Gerald Herbert, The Associated Press
Republican presidential candidate Donald Trump participates in a roundtable discussion on national security in his offices in Trump Tower in New York on Wednesday.

Donald Trump’s latest campaign shakeup is clinching proof that he has learned nothing from his disastrous summer — let alone from the wider arc of his 14-month presidential quest.

Although most Americans have a negative view of him personally and question his fitness to be president, Trump has named a new campaign chief, Stephen Bannon, who reportedly believes the GOP nominee should double down on his nationalist, populist, law-and-order message, not temper it.

It’s almost as if Trump has decided that if he’s going to lose in a historic landslide — and every recent national poll suggests he could — he’d prefer to go down swinging as the authentic Trump that he so enjoyed displaying in the primaries rather than an awkward imitation of a mainstream candidate.

Whatever the reasons for this campaign reshuffling, it’s likely to be a fatal misreading of the electorate. Trump’s harsh and divisive rhetoric is what scares voters and accounts for his unprecedented negative ratings in polls. The idea that he can entice a significantly larger swath of voters by offering more of the same is delusional.

Trump’s latest move also raises the specter of doom for down-ticket Republicans whether they’ve backed their party’s presidential nominee or not. A weak candidate at the top usually spells trouble for the party as a whole, although the historical record is complex. When Lyndon Johnson crushed Barry Goldwater in 1964, Democrats boosted their already sizable majorities in both the U.S. House and Senate. By contrast, in 1972 Republicans actually lost two Senate seats despite the drubbing that Richard Nixon inflicted on George McGovern — although they did reduce the Democratic House majority by a dozen seats.

Since Trump openly disdains Republican Party leaders, maybe enough voters will distinguish between him and other GOP candidates to limit the damage to the party in November. Republicans in competitive districts like Colorado’s 6th Congressional District, where Mike Coffman is seeking re-election, can only hope that’s the case.

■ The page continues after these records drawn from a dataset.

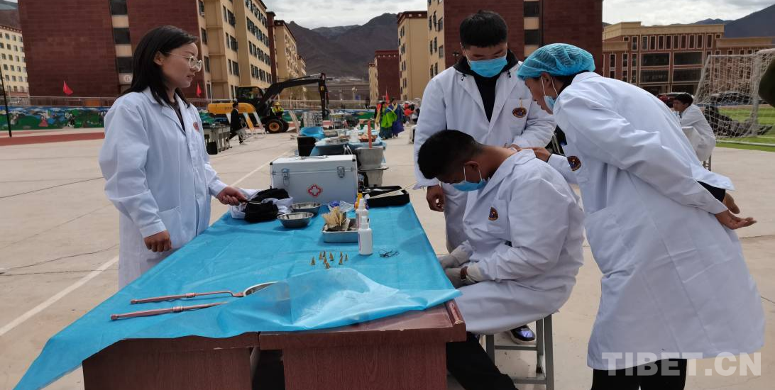 藏醫藏藥專業的同學們在老師的指導下,有條不紊地進行著火灸,三兩個同學一起配合,在“患者”頸部選定穴位,點火,看火,直至火焰熄滅,一次火灸時間為10至15分鐘。在火灸演示后方,同學們正展示著藏藥足療,濃郁的藥草味、熟練的手法盡顯藏醫養生療法特色。
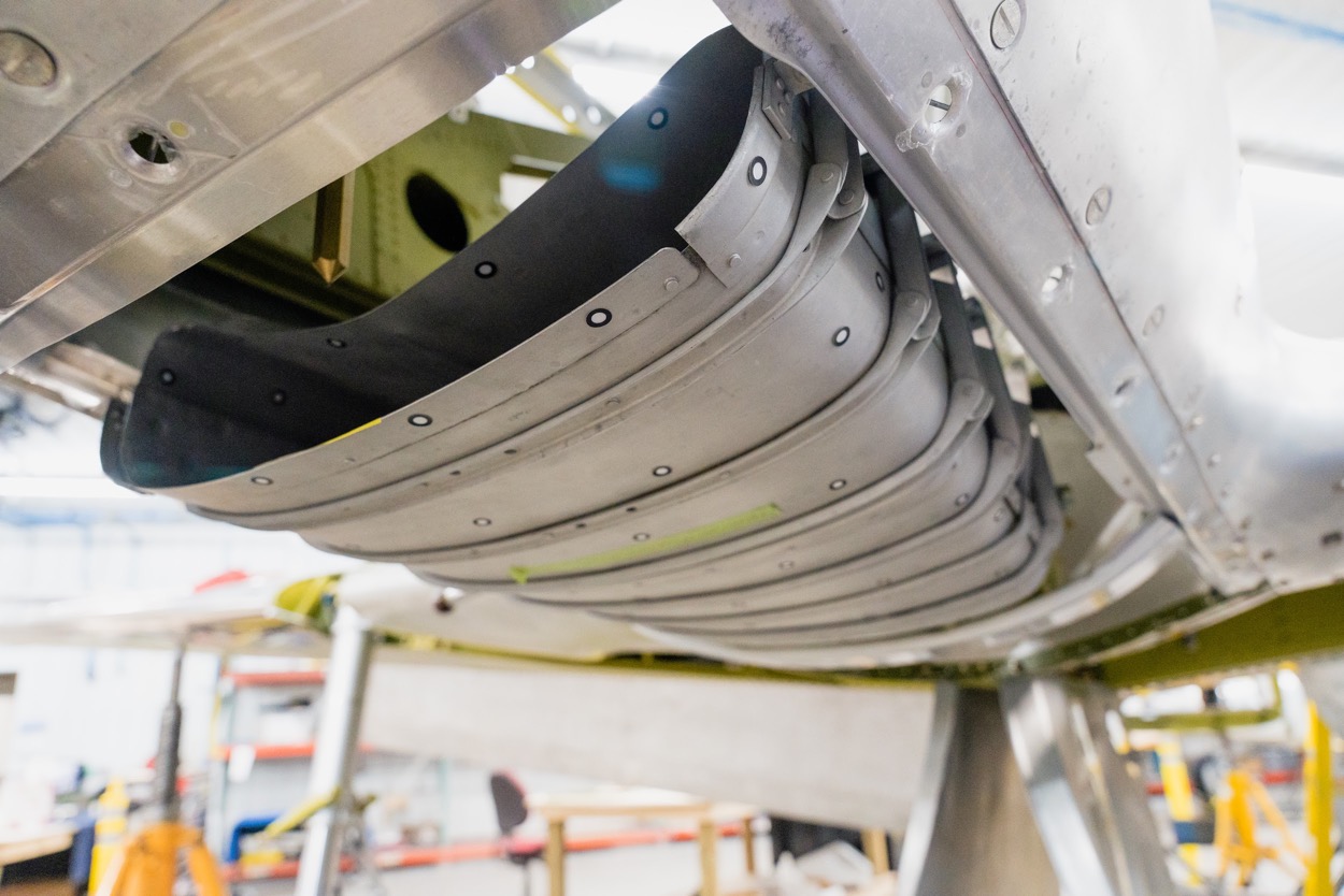 The skin covering the upper landing gear is riveted in place. (image via AirCorps Aviation)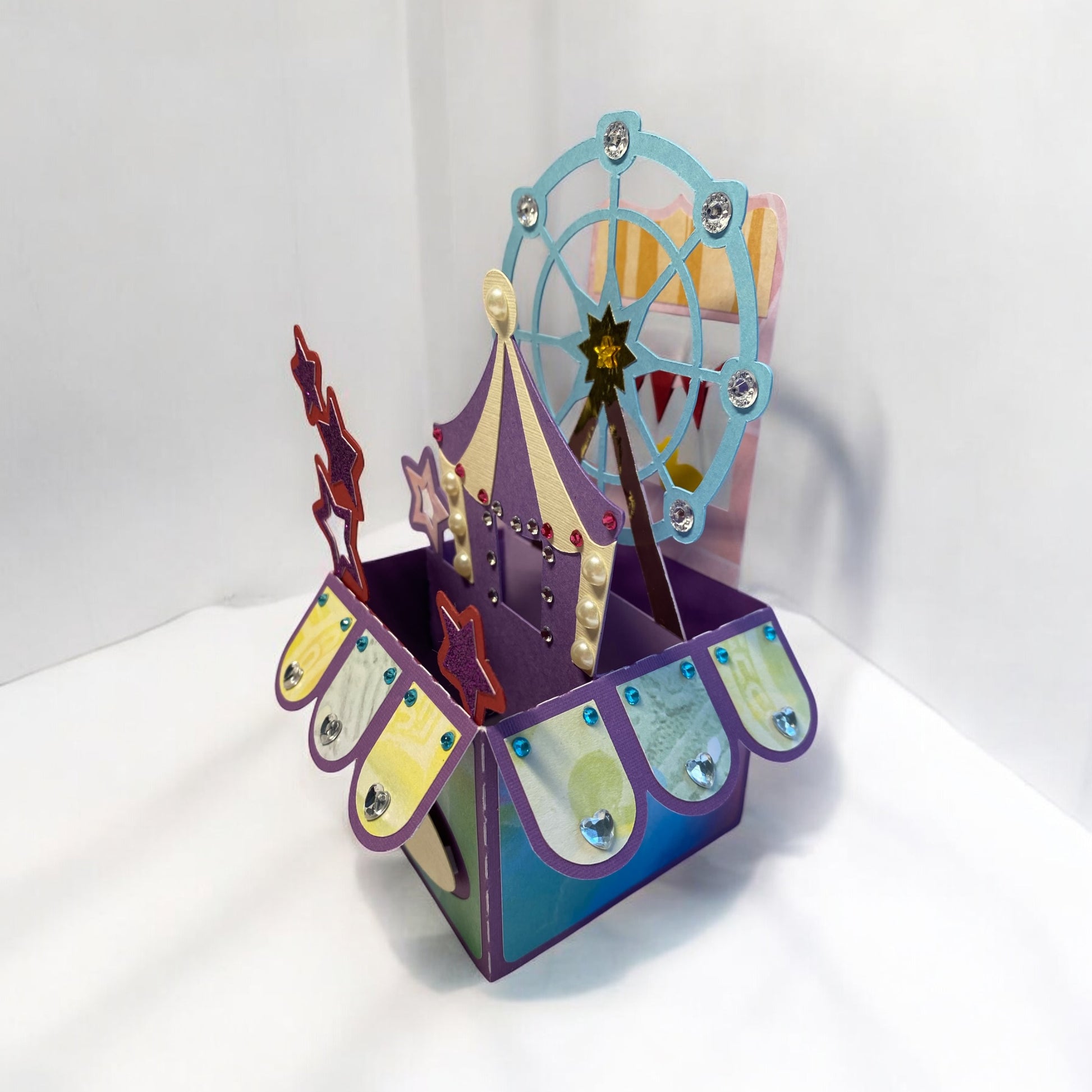 "Unleash the fun with our Circus Box Card! This 3D card folds flat and fits into its custom envelope. Perfect for all occasions, it features a Ferris wheel design that will give your loved ones a good time. Roll up and get it now!"

Those who still harbor the notion that Colorado is a purple swing state — at least for this election — should take a look at the latest Quinnipiac poll, released Wednesday. The most interesting news is not that Hillary Clinton trounces Trump 49 to 39 in a head-to-head contest but that Libertarian and Green candidates attract nearly a quarter of the vote when added to the mix.

Indeed, Trump’s position is so weak that he is in a near tie with Libertarian Gary Johnson among independent voters, while Johnson actually crushes Trump among voters 18 to 34 — a stunning signal of youthful discontent with a major-party nominee.

Once upon a time — three years ago, actually — the GOP establishment set out to repair its image with minorities, women and young voters. But GOP primary voters this year had other ideas. They chose a man whose image among a majority in those groups is utterly toxic.

And now Trump is poised to double down with what got him to this perilous pass? It is the definition of willful blindness.